- Problem to solve: Copy exactly the lines of the material below that run from the one containing "Oli  pakko vähän" through the one containing "Garden Flags printed". Copy no other lines.

*** Provided records

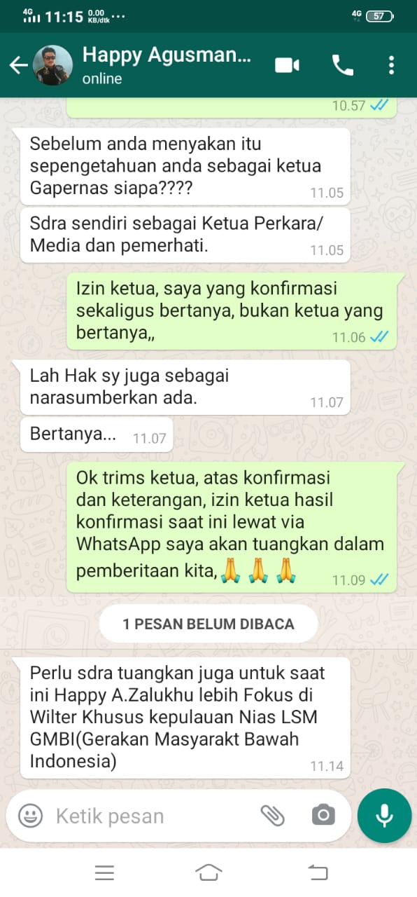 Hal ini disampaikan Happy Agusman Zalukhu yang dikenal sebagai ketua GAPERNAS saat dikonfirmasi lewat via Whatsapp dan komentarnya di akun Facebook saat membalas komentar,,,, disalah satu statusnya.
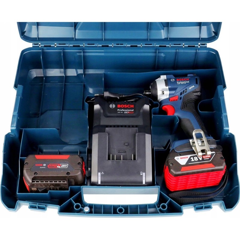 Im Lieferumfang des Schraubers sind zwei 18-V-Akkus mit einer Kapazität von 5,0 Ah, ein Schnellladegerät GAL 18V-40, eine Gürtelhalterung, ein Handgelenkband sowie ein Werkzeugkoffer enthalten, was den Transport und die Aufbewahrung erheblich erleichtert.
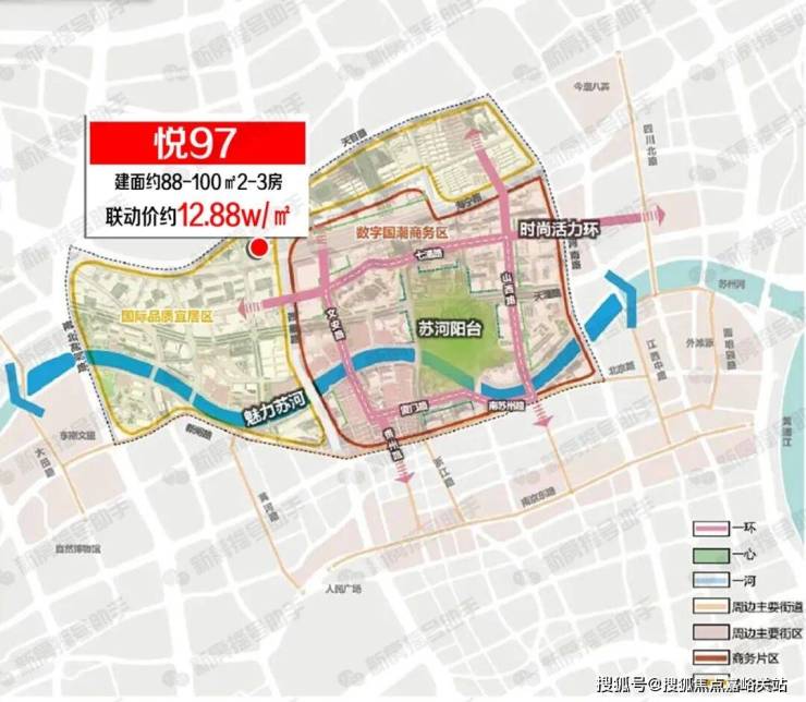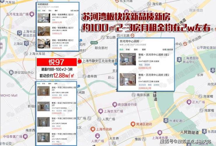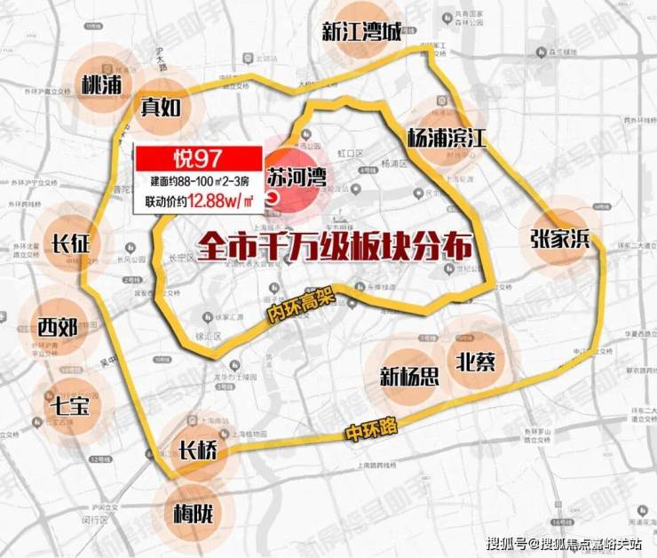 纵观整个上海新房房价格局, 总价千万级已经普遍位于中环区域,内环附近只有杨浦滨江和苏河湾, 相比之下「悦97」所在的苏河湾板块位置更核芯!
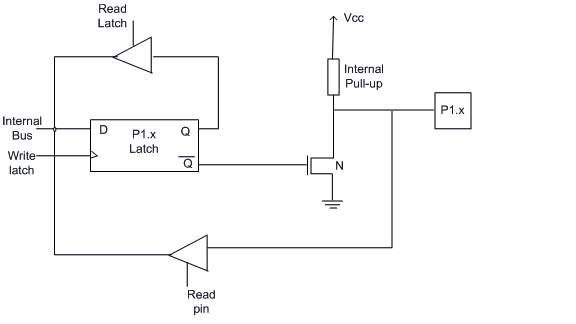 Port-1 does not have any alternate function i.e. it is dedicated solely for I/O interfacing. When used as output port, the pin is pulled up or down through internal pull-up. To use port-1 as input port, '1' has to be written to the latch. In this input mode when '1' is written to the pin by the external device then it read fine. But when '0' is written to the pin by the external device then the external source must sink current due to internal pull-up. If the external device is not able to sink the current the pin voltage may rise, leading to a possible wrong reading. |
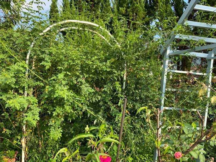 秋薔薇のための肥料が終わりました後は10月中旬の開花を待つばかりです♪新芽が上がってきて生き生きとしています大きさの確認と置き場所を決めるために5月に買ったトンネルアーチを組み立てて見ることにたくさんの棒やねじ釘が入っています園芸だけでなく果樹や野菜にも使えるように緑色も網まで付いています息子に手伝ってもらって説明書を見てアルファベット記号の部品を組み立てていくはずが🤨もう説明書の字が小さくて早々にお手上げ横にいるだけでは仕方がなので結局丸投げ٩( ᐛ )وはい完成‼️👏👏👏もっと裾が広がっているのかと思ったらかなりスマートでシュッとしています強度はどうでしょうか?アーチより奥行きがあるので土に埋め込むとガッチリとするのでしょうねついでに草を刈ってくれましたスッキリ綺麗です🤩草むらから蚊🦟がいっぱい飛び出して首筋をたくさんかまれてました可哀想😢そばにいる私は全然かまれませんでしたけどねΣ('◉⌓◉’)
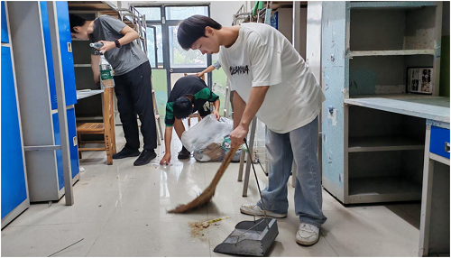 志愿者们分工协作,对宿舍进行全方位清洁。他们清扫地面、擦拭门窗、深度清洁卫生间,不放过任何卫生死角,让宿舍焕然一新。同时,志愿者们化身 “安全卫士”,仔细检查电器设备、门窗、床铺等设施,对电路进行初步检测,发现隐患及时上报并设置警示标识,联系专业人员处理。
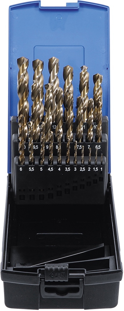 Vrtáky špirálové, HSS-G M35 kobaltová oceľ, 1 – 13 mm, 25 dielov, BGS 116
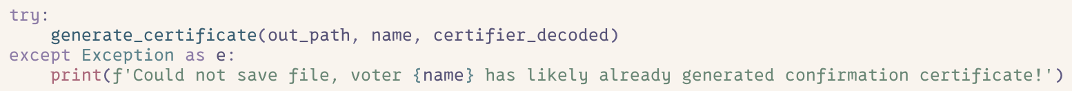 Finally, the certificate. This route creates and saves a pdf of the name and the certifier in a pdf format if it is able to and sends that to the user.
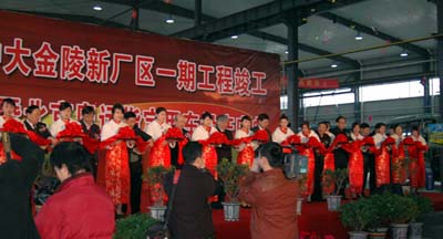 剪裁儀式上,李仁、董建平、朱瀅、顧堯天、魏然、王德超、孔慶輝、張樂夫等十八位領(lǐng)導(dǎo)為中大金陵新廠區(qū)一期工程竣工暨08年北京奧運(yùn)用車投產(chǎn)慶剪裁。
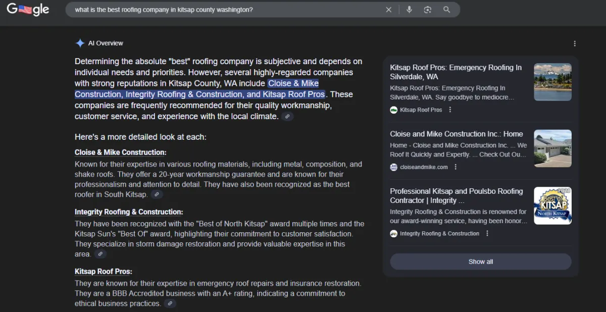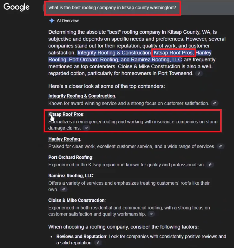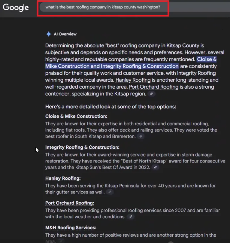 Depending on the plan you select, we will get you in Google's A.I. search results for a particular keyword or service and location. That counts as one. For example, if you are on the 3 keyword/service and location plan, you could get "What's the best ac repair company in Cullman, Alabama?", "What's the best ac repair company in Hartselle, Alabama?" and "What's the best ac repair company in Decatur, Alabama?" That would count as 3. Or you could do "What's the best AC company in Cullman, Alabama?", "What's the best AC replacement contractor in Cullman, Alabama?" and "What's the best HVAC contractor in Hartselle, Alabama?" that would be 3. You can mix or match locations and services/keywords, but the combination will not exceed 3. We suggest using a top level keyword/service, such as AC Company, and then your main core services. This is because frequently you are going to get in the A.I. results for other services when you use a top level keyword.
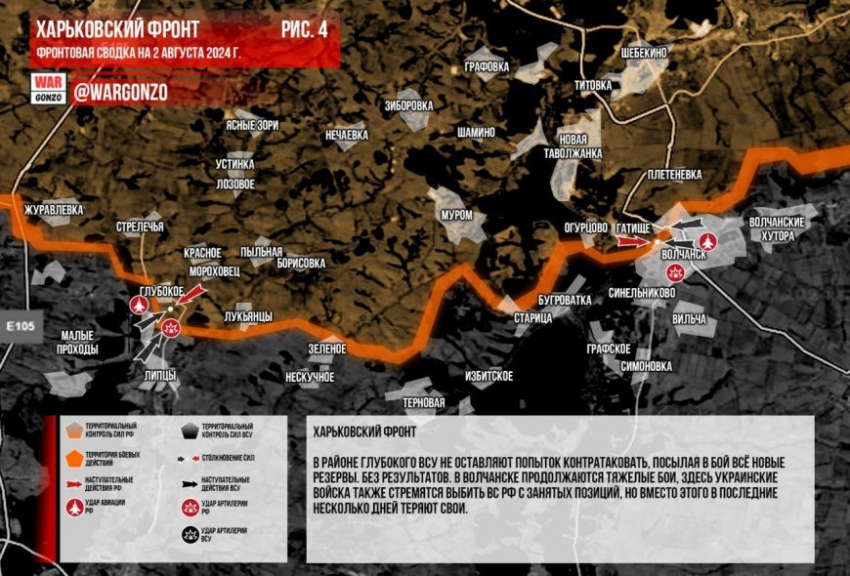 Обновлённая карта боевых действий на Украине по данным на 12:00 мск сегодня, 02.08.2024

******
*** Provided records

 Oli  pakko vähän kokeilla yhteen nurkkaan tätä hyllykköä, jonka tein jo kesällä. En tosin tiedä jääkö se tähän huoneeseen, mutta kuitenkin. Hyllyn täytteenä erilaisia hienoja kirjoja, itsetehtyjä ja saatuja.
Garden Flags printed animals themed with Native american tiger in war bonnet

******

- Exercise result:
 Oli  pakko vähän kokeilla yhteen nurkkaan tätä hyllykköä, jonka tein jo kesällä. En tosin tiedä jääkö se tähän huoneeseen, mutta kuitenkin. Hyllyn täytteenä erilaisia hienoja kirjoja, itsetehtyjä ja saatuja.
Garden Flags printed animals themed with Native american tiger in war bonnet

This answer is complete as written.